6-Chloroimidazo[1,2-b]pyridazine-3-carbonitrile
[CAS# 123531-54-4]

Identification

• Classification: Organic raw materials >> Heterocyclic compound >> Imidazoles
• Name: 6-Chloroimidazo[1,2-b]pyridazine-3-carbonitrile
• Molecular Formula: C₇H₃ClN₄
• Molecular Weight: 178.58
• CAS Registry Number: 123531-54-4
• SMILES: C1=CC(=NN2C1=NC=C2C#N)Cl

Properties

• Solubility: Very slightly soluble (0.3 g/L) (25 °C), Calc.^*
• Density: 1.56±0.1 g/cm³ (20 °C 760 Torr), Calc.^*
• Index of refraction: 1.743 (Calc.)^*

^* Calculated using Advanced Chemistry Development (ACD/Labs) Software.

Safety Data

• Hazard Symbols: GHS07 Warning
• Risk Statements: H315-H319-H335
• Safety Statements: P261-P305+P351+P338

Discovery and Applications

6-Chloroimidazo[1,2-b]pyridazine-3-carbonitrile is a heterocyclic organic compound that contains both imidazole and pyridazine ring systems fused together. It is characterized by the presence of a chloro group at the 6-position of the imidazole ring and a cyano group (-CN) at the 3-position of the pyridazine ring. The structure of this compound consists of a bicyclic system with a nitrogen atom in each ring, contributing to its unique chemical properties.

This compound belongs to a class of heterocyclic compounds that are of interest due to their potential biological activity and usefulness in medicinal chemistry. The presence of both a chloro substituent and a nitrile group makes it a versatile structure for further modifications, enabling its use in the synthesis of novel molecules with enhanced reactivity or biological potency.

Synthesis of 6-chloroimidazo[1,2-b]pyridazine-3-carbonitrile typically involves a multi-step process, beginning with the construction of the imidazo[1,2-b]pyridazine core. This can be achieved through various cyclization reactions, such as those involving condensation of a pyridazine precursor with an imidazole derivative under controlled conditions. The chloro group can be introduced at the 6-position through a halogenation reaction, typically using chlorinating reagents like thionyl chloride (SOCl2) or N-chlorosuccinimide (NCS). The cyano group at the 3-position can be introduced by reacting an appropriate intermediate with a cyanide source, such as potassium cyanide (KCN), to obtain the nitrile derivative.

6-Chloroimidazo[1,2-b]pyridazine-3-carbonitrile has been investigated for its potential as a bioactive compound, particularly in the context of its role in drug development. The imidazole and pyridazine rings are important pharmacophoric elements in medicinal chemistry, as they are commonly found in many biologically active molecules, such as enzyme inhibitors, receptor ligands, and anticancer agents. The chloro and cyano groups on the molecule could influence its binding properties, solubility, and pharmacokinetics, making it a candidate for further biological evaluation.

Research into compounds containing imidazo[1,2-b]pyridazine scaffolds has shown that they can exhibit various biological activities, including antimicrobial, anticancer, and anti-inflammatory effects.

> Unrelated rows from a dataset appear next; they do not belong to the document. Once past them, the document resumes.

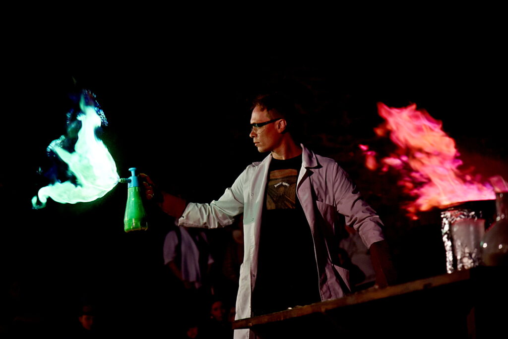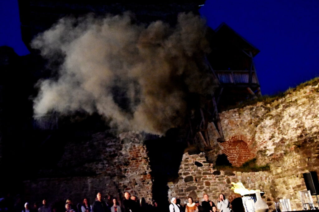 Skatītājus meistari nepievīla – dūmi vijās pa visu pagalmu, dega zaļas un purpura liesmas, uguns mēles rāvās uz debesīm, vīri demonstrēja spējas pārvaldīt zibeni.
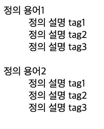- 특정 용어와 그 정의를 표현할 때 사용하는 tag
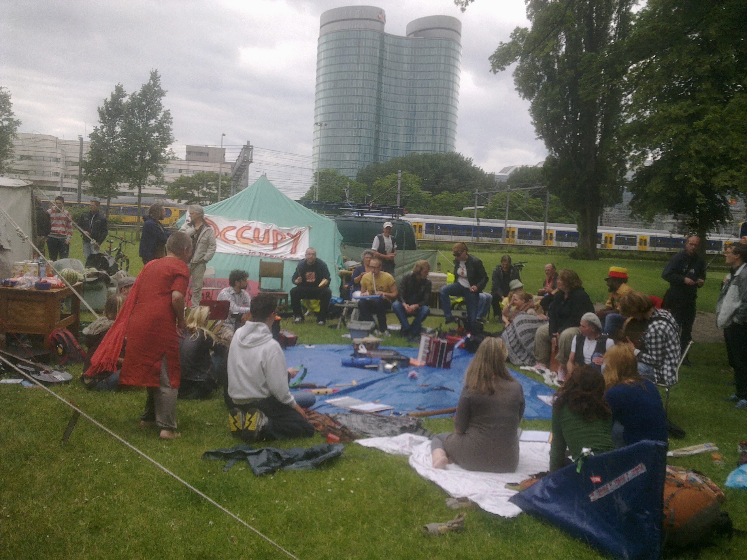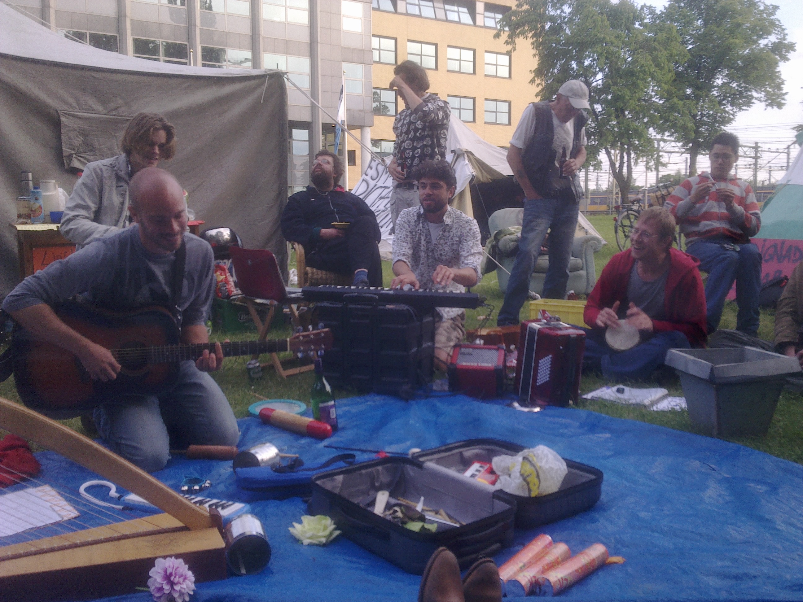 What's the best remedy to all crisis? Peace, Love and Music of course! More than 50 beautiful people attended this massive jam session at Occupy Utrecht, playing wild improvisations and songs from the 'Sing-A-Long Happy Songbook'...'We're Jammin', 'Imagine', 'Don't worry be happy'...

The presence of the chloro and nitrile groups could further enhance these activities by modifying the electronic properties of the compound, making it more reactive toward certain biological targets. For example, compounds with similar structures have been found to interact with kinases, enzymes, and other proteins that play critical roles in cell signaling and disease progression.

In addition to its biological activity, 6-chloroimidazo[1,2-b]pyridazine-3-carbonitrile may also have applications in materials science. The fused heterocyclic structure could be useful in the design of novel materials with specific properties, such as semiconducting or electroactive materials. The functional groups on the molecule could also facilitate coordination with metal ions, potentially leading to the development of coordination complexes with unique properties.

In conclusion, 6-chloroimidazo[1,2-b]pyridazine-3-carbonitrile is a heterocyclic compound that exhibits potential in various fields, including medicinal chemistry and materials science. The structure of this molecule, with its chloro and cyano substituents, makes it a versatile intermediate for further chemical modifications and a candidate for the development of bioactive molecules. Ongoing research into its reactivity, biological properties, and applications could lead to the discovery of new drugs or materials with useful characteristics.